Dans cette Europe des influences aux identités voyageuses, Marc Roger Normand Couperin (1663-1734) a une bonne place. Découvert en 1997 dans la collection d’un palazzo de Turin, son recueil de cinquante-sept pièces, organisées par tonalités, met à jour la musique de ce Couperin dont il ne restait rien. Miroir d’un lieu et d’un temps, il met en dialogue la famille de La Pierre, musiciens et danseurs originaires d’Avignon, Le Bègue, Militon, Chambonnières, des arrangements d’Acis & Galatée de Lully (via d’Anglebert), etc. Davitt Moroney a enregistré chez Hypérion l’ensemble de ce précieux témoignage (un disque de 80 minutes). Il présentait une sélection d’une quinzaine de pièces qui firent la joie de l’époque de Victor Amédée II de Savoie. Cousin germain de François Couperin, Marc Roger arrive à Turin en 1688 pour y être organiste de la chapelle royale. Au fil du temps il se verra accorder une plus grande responsabilité. Si aujourd’hui les politiciens n’arrêtent pas de se gargariser avec l’Europe, à l’époque, l’Europe du goût et des arts existait réellement sans qu’on en parle.

C’est une véritable fureur beethovenienne que déployaient Jos Van Immerseel et son Anima Eterna. Ce concert termina le premier week-end dans un triomphe. Après les tentatives de Norrington, Harnoncourt, Minkowski et Gardiner entre autres, Immerseel se place en tête des " nouvelles " lectures du répertoire classique de ces dernières années.

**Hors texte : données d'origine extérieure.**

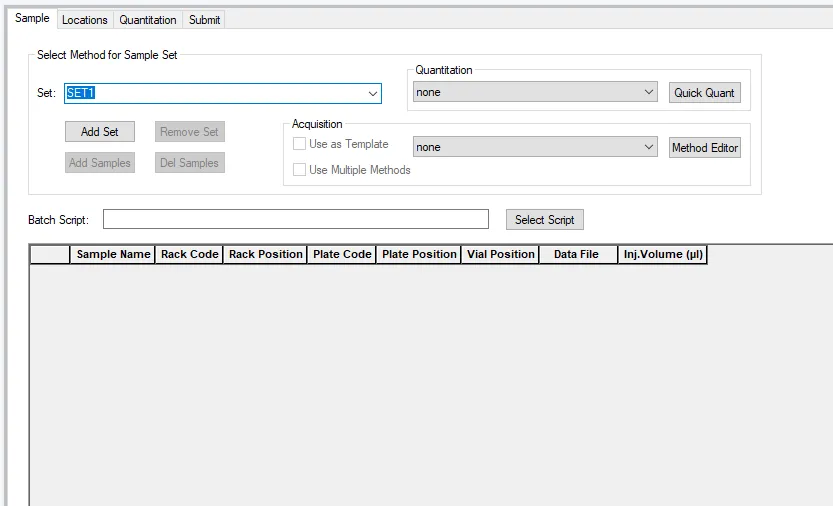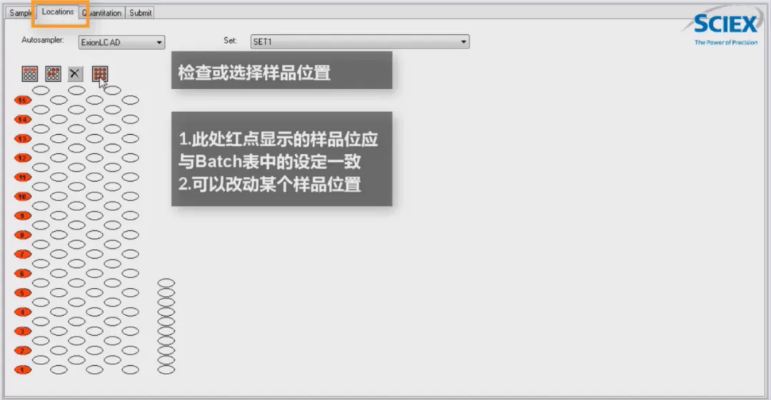 5. (可选)选择定量方法:回到 Batch Editor 对话框,在 Quantitation 选择相应的定量方法。 6. 选择采集方法:回到 Batch Editor 对话框,在 Acquisition 中选择相应的采集方法,如果同一批内需要使用多个采集方法,勾选 Use Multiple Methods。 7. (可选)在 Locations 选项卡可以查看和编辑进样瓶位置。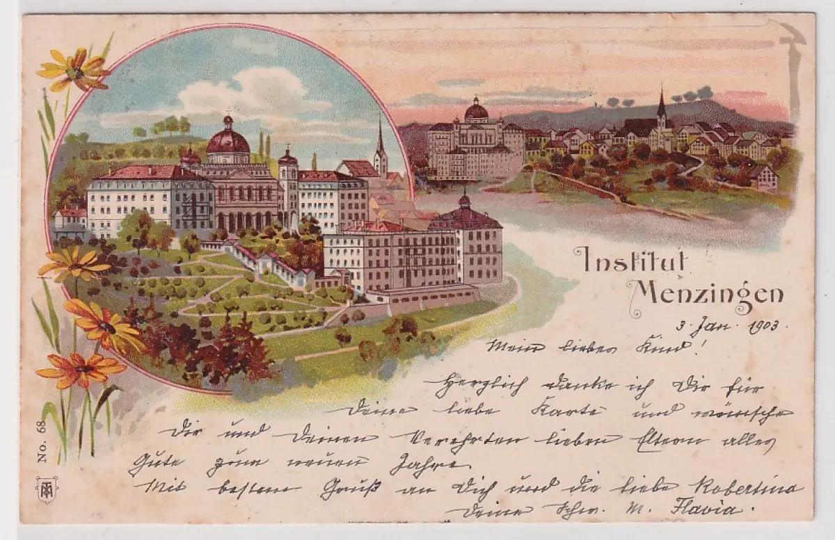 47763 Ak Lithografie Institut Menzingen Schweiz 1903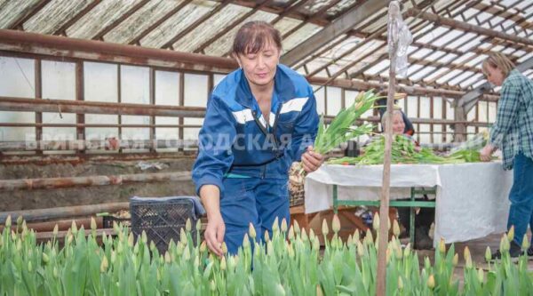 С 10 февраля в теплицах подняли температуру, обильный полив дал толчок бурному росту, и сейчас наступила пора срезки. Срезанные тюльпаны укладывают на хранение в холодный погреб, где они ждут покупателей.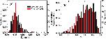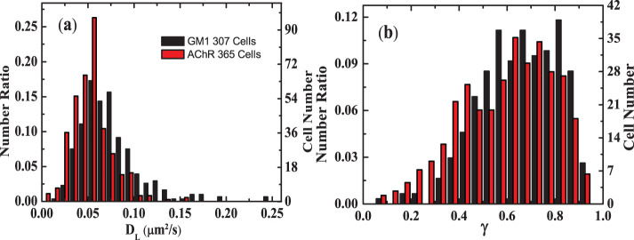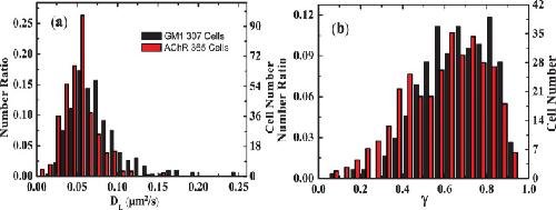 FIGURE 5:. (a) Comparison of the distribution of the measured long-time diffusion coefficients DL of GM1s (black bars) and AChRs (red bars) (b) Comparison of the distribution of measured mobile ratios γ of the GM1s (black bars) and AChRs (red bars). |
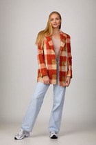 Жакет прямого силуэта, на подкладке. Вырез горловины округлой формы. Перед с центральной застежкой на петли и пуговицы и нагрудными вытачками. Рукав втачной длинный, по низу рукава обработана шлица с пуговицами.

Une attention particulière est ainsi portée à l’organologie, à ses incidences stylistiques (par exemple pour les coups d’archet), à la disposition de l’orchestre, et à son importance – ici une cinquantaine de musiciens. De fait, les équilibres, en même temps qu’ils changent, arrivent à des solutions enthousiasmantes. Le pupitre de cinq contrebasses, placé derrière les vents, utilise à la fois la basse à quatre cordes et le Terzviolone à cinq cordes. L’articulation est privilégiée par l’emploi de frettes et d’archets Dragonnetti. La petite harmonie se fond remarquablement dans les tutti sans pour autant négliger un côté extrêmement clair et détaillé. Le fruité sonore ne contredit jamais un son ample et uni. Il faut aussi remarquer, dans cette réussite, l’excellence de la petite harmonie d’Anima Eterna.
Chez les cordes, on remarquera une articulation qui fait ressortir le phrasé sans négliger la ligne d’ensemble. L’équilibre est toujours respecté entre les deux tendances dérangeantes : l’analyse chirurgicale, et l’enthousiasme mou romantique. Entre corps et transparence, l’équilibre est parfait. Jamais le désir de distinction et d’articulation ne lèse l’ampleur et l’élan. Dans une nouvelle donne de la morphologie générale de l’orchestre beethovénien, une tension incroyable s’installe d’un bout à l’autre. L’orchestre, un seul corps où l’on entend pourtant tous les éléments, propose des alliages inattendus, il danse, chante, respire, exulte. Dans le détail comme dans la masse, l’excellence du travail de ces musiciens est évidente.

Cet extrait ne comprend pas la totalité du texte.